Page:Voltaire - Œuvres complètes Garnier tome42.djvu/559

Le texte de cette page a été corrigé et est conforme au fac-similé.

Encore un mot pourtant. M. de Martel, fils de la belle Martel[1], ci-devant inspecteur de la gendarmerie, arrive ici sous un autre nom, par la diligence, avec une vieille redingote pelée, et une tignasse par-dessus ses cheveux : il dit qu’il vous connaît beaucoup. Expliquez-moi donc cela, je vous en conjure. Est-il fou ?


5379. — À M. PALISSOT.
À Ferney, 18 auguste.

Je deviens aveugle tout de bon, monsieur ; me voilà comme le bonhomme Tobie, et je n’espère rien du fiel d’un poisson.
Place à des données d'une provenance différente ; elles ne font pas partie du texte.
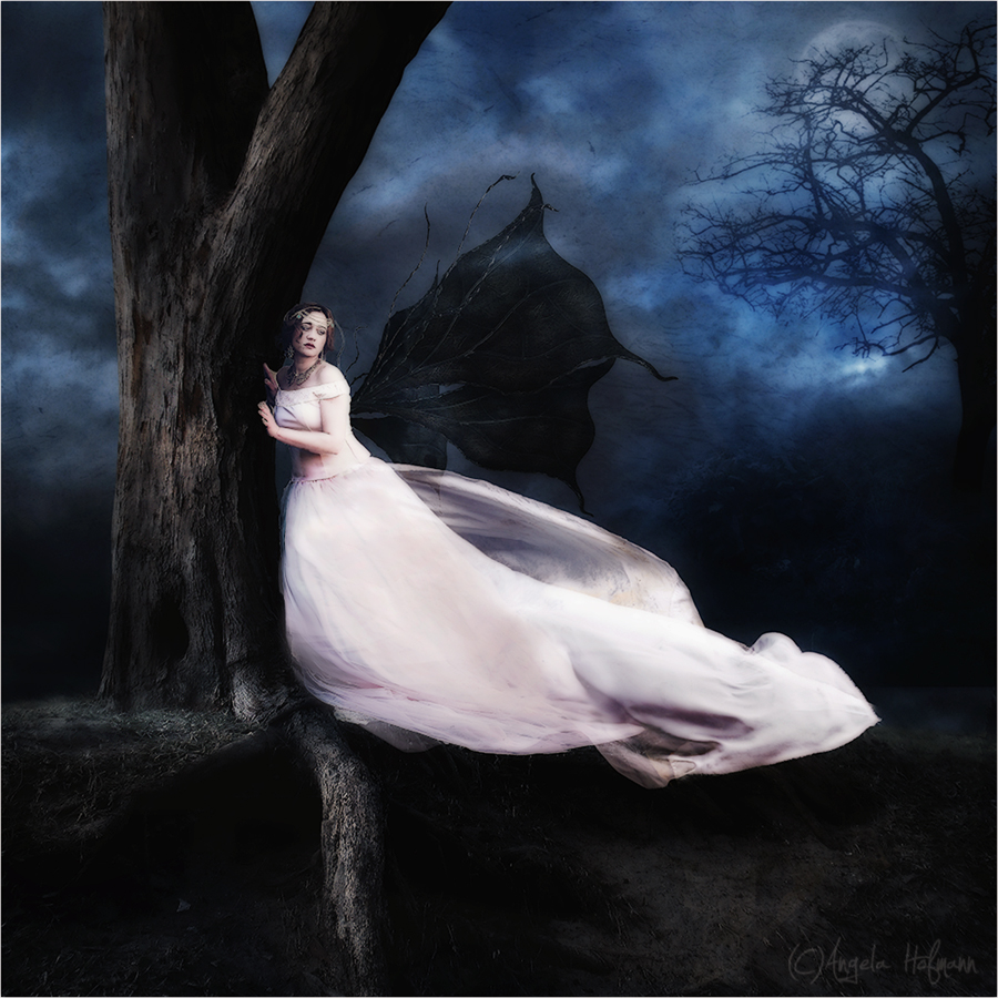 Durch die Farbgebung bekommt das Bild eine mystische, aber auch bedrohliche Wirkung. Der kalte Hintergrund, der auch eher in kühlen Farben gehaltene Baum, der dem Mädchen dennoch Schutz und ein bisschen Geborgenheit gibt, regt die Phantasie an. Durch die Flügel, in starkem Kontrast zu dem hellen und unschuldigen Weiß des Kleides, ist das Mädchen vielleicht doch nicht ganz so unschuldig, wie die Farbe des Kleides vermuten lässt, obwohl sie eher schutzsuchend wirkt.

Je suis bien aise qu’il n’y ait plus de fiel entre M. de Tressan et vous[2] ; et je voudrais que vous pussiez être l’ami de tous les philosophes : car, au bout du compte, puisque vous pensez comme eux sur bien des choses, pourquoi ne pas être uni avec eux ? Il me semble que nous ne devons avoir que les sots pour ennemis. Je voudrais pouvoir vous voir à Ferney avec les Diderot, les d’Alembert, les Hume, les Jean-Jacques. Nous chanterions tous Mlle Corneille et son grand-oncle ; mais Fréron n’en serait pas.

Sans compliments, et à vous de tout mon cœur.


5380. — À MADAME LA MARQUISE DU DEFFANT.
À Ferney, 19 auguste (car il est trop barbare
d’écrire aoust, et de prononcer ou).
l’aveugle voltaire
à l’aveugle marquise du deffant.

Les gens de notre espèce, madame, devraient se parler au lieu de s’écrire, et nous devrions nous donner rendez-vous aux Quinze-Vingts, d’autant plus qu’ils sont dans le voisinage de M. le président Hénault. On m’a mandé qu’il avait été dangereusement malade ces jours passés, mais qu’il se porte mieux. Je m’intéresse bien vivement à votre santé et à la sienne : car enfin il faut que ce qui reste à Paris de gens aimables vive longtemps, quand ce ne serait que pour l’honneur du pays.

Êtes-vous de l’avis de Mécène, qui disait : Que je sois gout-

  1. À qui Voltaire avait adressé, en 1731, une épître (voyez tome X) commençant ainsi :

    Ô très-singulière Martel !

  2. Tressan avait voulu faire chasser Palissot de l’Académie de Nancy.